Le Conseil coton anacarde karité (CCAK) a ouvert le 14 août 2026 la nouvelle campagne de commercialisation des amandes de karité en Côte d'Ivoire. Le prix minimum bord-champ reste fixé à 250 FCFA le kilogramme pour les amandes bien séchées, bien triées et sans matière étrangère.
Les prix planchers ont également été arrêtés à 275 FCFA/kg au magasin intérieur acheteur et à 305 FCFA/kg au magasin usine. Ces montants encadrent les transactions tout au long de la chaîne, du producteur jusqu'à l'unité de transformation, et servent de référence aux opérateurs de la filière pour la durée de la campagne.
Le CCAK a réservé les achats auprès des collectrices et des acheteurs aux seules unités de transformation, jusqu'à nouvel ordre.
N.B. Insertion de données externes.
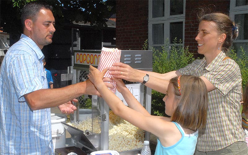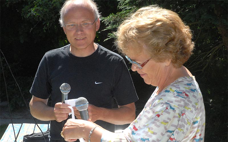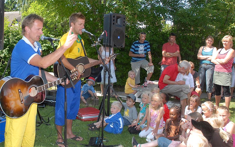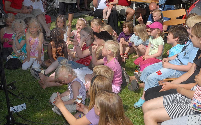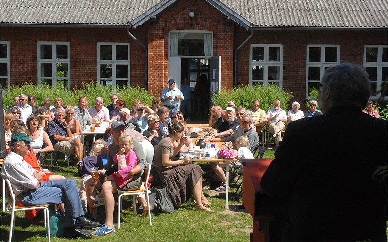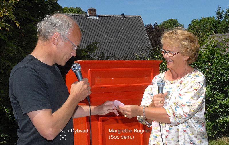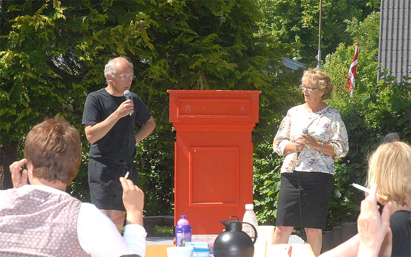 | Grundlovsdagen blev fejret på traditionel vis i Borgerhusets have. Margrethe Bogner og Ivan Dybvad duellerede på lokalpolitiske emner, og forstander på Testrup Højskole, Jørgen Carlsen, holdt grundlovstalen, hvor han til sidst ønskede tillykke med Grundlovens 159 års fødselsdag. Dagen sluttede med underholdning af Kolling og Lillebror. Læs udførligt referat under "Nyheder". Og Mårsletterne kan så fortsætte med at sige tillykke til den nye bager, Ronnie Nielsen, der åbnede den 5. juni kl. 12 med bl.a. gratis is til børnene. SE de nederste 4 billeder.
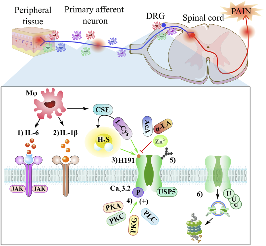 FIGURE 3. Neuropathic pain involves neuro-immune crosstalk. The peripheral nerve macrophages/spinal microglia (Mφ) accumulate after a nerve injury around nociceptors and DRG, inducing a variety of mediators, such as IL-6, IL-1β, and CSE enzyme. A close-up shows a schematic representation of some elements of the indirect regulation via Cav3.2 channels: 1) IL-6 (red) binds to sIL-6R (blue) and induces homodimerization of gp130 (purple) to activate the JAK signaling cascade that triggers upregulation of the Cav3.2 channel in DRG neurons; 2) the IL-1β (orange) binds to IL1R (brown), producing a second messenger pathway; 3) the reducing agents, such as L-cysteine (L-Cys) and H2S molecule, augment T-currents, while the oxidizing agents, such as ascorbic acid (AcA), α-Lipoic acid (α-LA), and Zn2+ ion, inhibit T-currents, both processes occur through the H191 residue; 4) the Cav3.2 channel can be phosphorylated through kinases, such as PKA, PKC, PKG, and PLC enzymes; 5) the Cav3.2 channel can be regulated through the glycosylation site; and 6) the expression of the Cav3.2 channel is regulated by USP5, a deubiquitinating enzyme that protects the channel from proteasomal degradation.
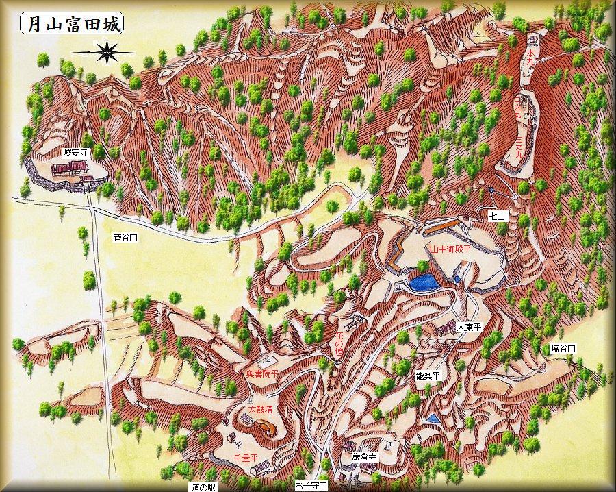 ちなみに、この城には「御殿平」「奥書院平」「千畳平」といった地名があるが、これらの「平」は「たいら」ではなく「なる」と呼ぶ。これは「平」のことを「なる」と呼ぶこの地方の方言によるもので、他に有名なものでは、鳥取城の近くにある「太閤平(たいこうがなる)」などもある。

Cette mesure s'accompagne d'une interdiction formelle d'exporter les noix et amandes de karité par les frontières terrestres du pays, une disposition destinée à retenir la matière première sur le territoire national.

Les transferts de camions d'amandes vers les usines ne seront autorisés qu'à compter du 17 août 2026, soit trois jours après le lancement officiel de la campagne. Ce délai laisse le temps aux opérateurs de s'organiser avant le début des mouvements de marchandise vers les sites de transformation.
Un encadrement resserré de la filière
Ces dispositions visent à mieux organiser la commercialisation des amandes de karité et à orienter l'approvisionnement en priorité vers les unités de transformation installées sur le territoire ivoirien. La filière karité, portée notamment par les femmes collectrices dans les zones de production du nord et du centre du pays, contribue aux revenus de plusieurs milliers de ménages ruraux chaque année.
Le CCAK, organe chargé de la régulation des filières coton, anacarde et karité, précise que ces règles s'appliquent dès l'ouverture de la campagne 2026-2027 et resteront en vigueur jusqu'à nouvel ordre pour la restriction des ventes aux unités de transformation.